Eigel’s 447-acre Rosemont Farm in Lexington is a breed-to-sell operation with Eigel breeding a small group of his mares while boarding others for clients. He initially kept his mares at Alice Chandler’s Mill Ridge before opening Rosemont in 1983.
“It’s a relatively small operation,” Eigel said. “We haven’t raced much, but we decided to have more fun in the business, and you have more fun when you’re racing.”
From 2000-2014, Eigel won 15 of 121 races and earned $347,552 in his Rosemont colors. In 2015-2016, Eigel has won 4 of 12 races and has earned $312,113 with two horses he tried to sell earning the bulk of that.
Both Venus Valentine and Harlan Punch were consigned to the 2014 Keeneland September yearling sale, and neither attained their reserves on final bids of $140,000 and $170,000, respectively.
“If we take a horse to the sale our intent is to sell,” Eigel said. “We take pride in our realistic reserves. [Venus Valentine] was a nice filly who vetted clean, and Harlan Punch looked the part.”
Eigel ended up bringing both of them home and sending them to trainer Tom Amoss, who got a maiden win out of both of them in 2015 at Ellis Park. Harlan Punch ascended quicker from there, finishing second in the Jean Laffit and third in the Delta Jackpot last fall at Delta Downs. He makes the second start of his three-year-old season on Thursday at Fair Grounds after a fourth-place finish at 3-to-5 3 ½ weeks ago.
Harlan Punch is nominated to the Triple Crown, and Venus Valentine tops the Kentucky Oaks standings. It’s still a ways off, but Eigel wouldn’t mind to have something to do the first week in May.
“One of the things I’ve learned about this horse business is not to get too far ahead of yourself,” Eigel said. “Right now plan is to run [Venus Valentine] back in the Fair Grounds Oaks on March 26, and if she would run well there then the next race we’d be looking for is the Kentucky Oaks.”
Amoss said on Wednesday morning that Venus Valentine returned to the track on Wednesday, and that the Fair Grounds Oaks is the target.
“When I run a horse for the first time, one thing I like to do is call the owner and give them a heads up regarding what to expect, and I told Jim, ‘This is a nice filly,’” Amoss said. “What a wonderful win to get with her with a horse he bred.”

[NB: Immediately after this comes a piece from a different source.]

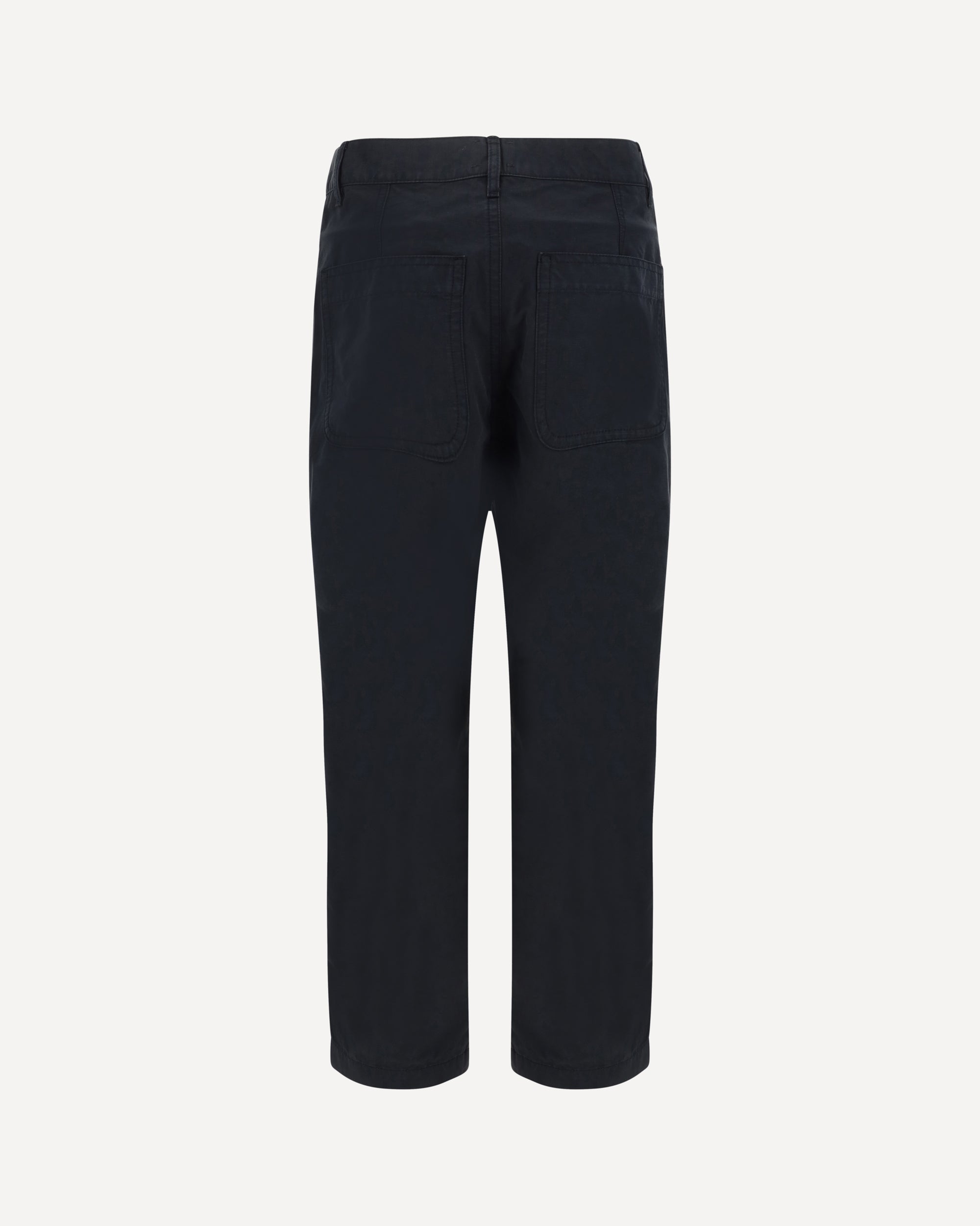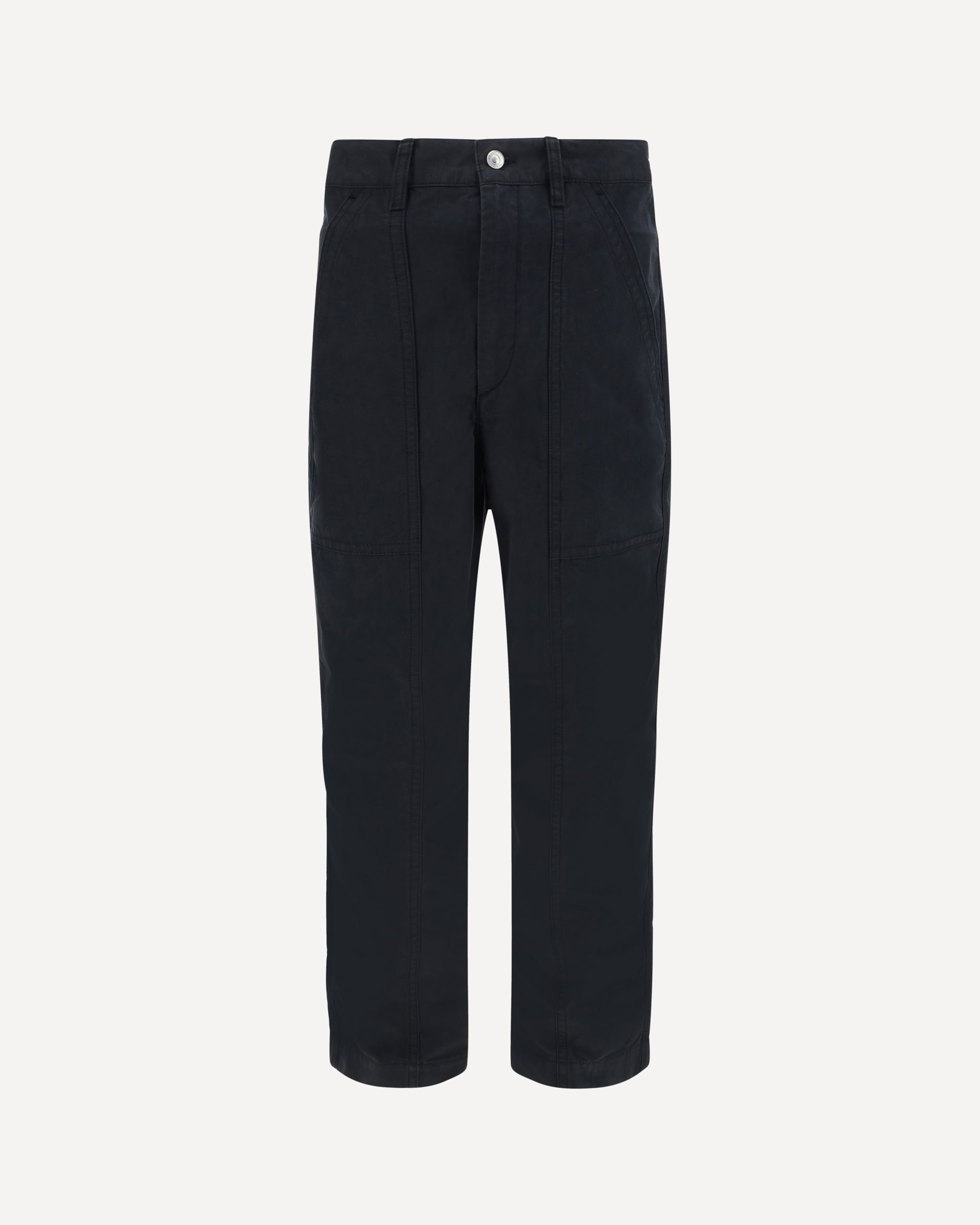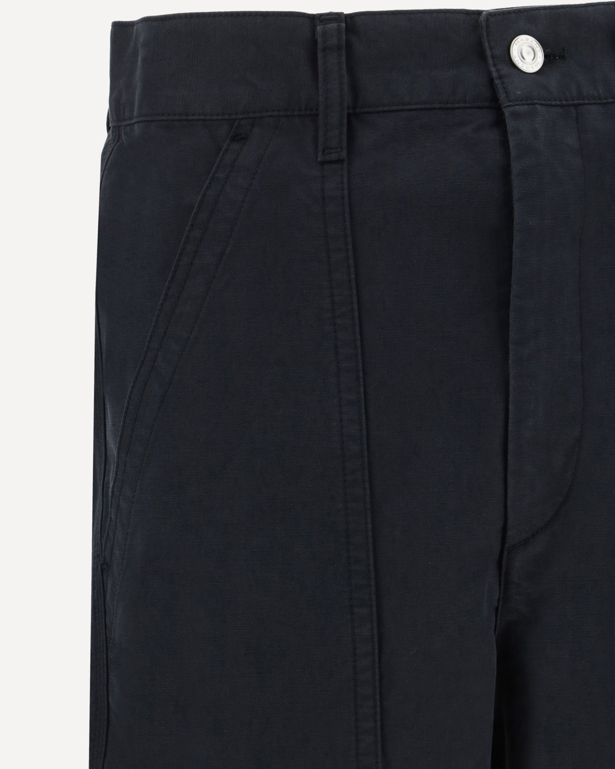 Pantaloni Leonel in Cotone di Isabel Marant, chiusura frontale con bottone e cerniera, passanti per cintura girovita, due tasche all'americana laterali, due ampie tasche cargo sul retro, modello a vita alta, fantasia monocromo.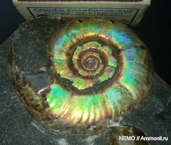 Замечательный экземпляр. Отличный цвет и хороший сохран. Да и в породе лежит красиво. Наверное препарировали? | ||||||

Eigel said the TwinSpires.com Rachel Alexandra victory is the best of his racing career, but Grade 1 winner Habibti is the most accomplished horse among those he bred.
“For an operation of our size to have bred several major stakes winners we feel is pretty significant,” said Eigel.
Venus Valentine has a two-year-old half sister by City Zip that Candy Meadows bought as a weanling for $65,000 at the 2014 Keeneland November breeding stock sale and a yearling half sister by Trappe Shot. Unfortunately, that is where the lineage will end as Venus Valentine’s dam, the stakes-winning Stormin Fever mare Valentine Fever, suffered colic and died last summer.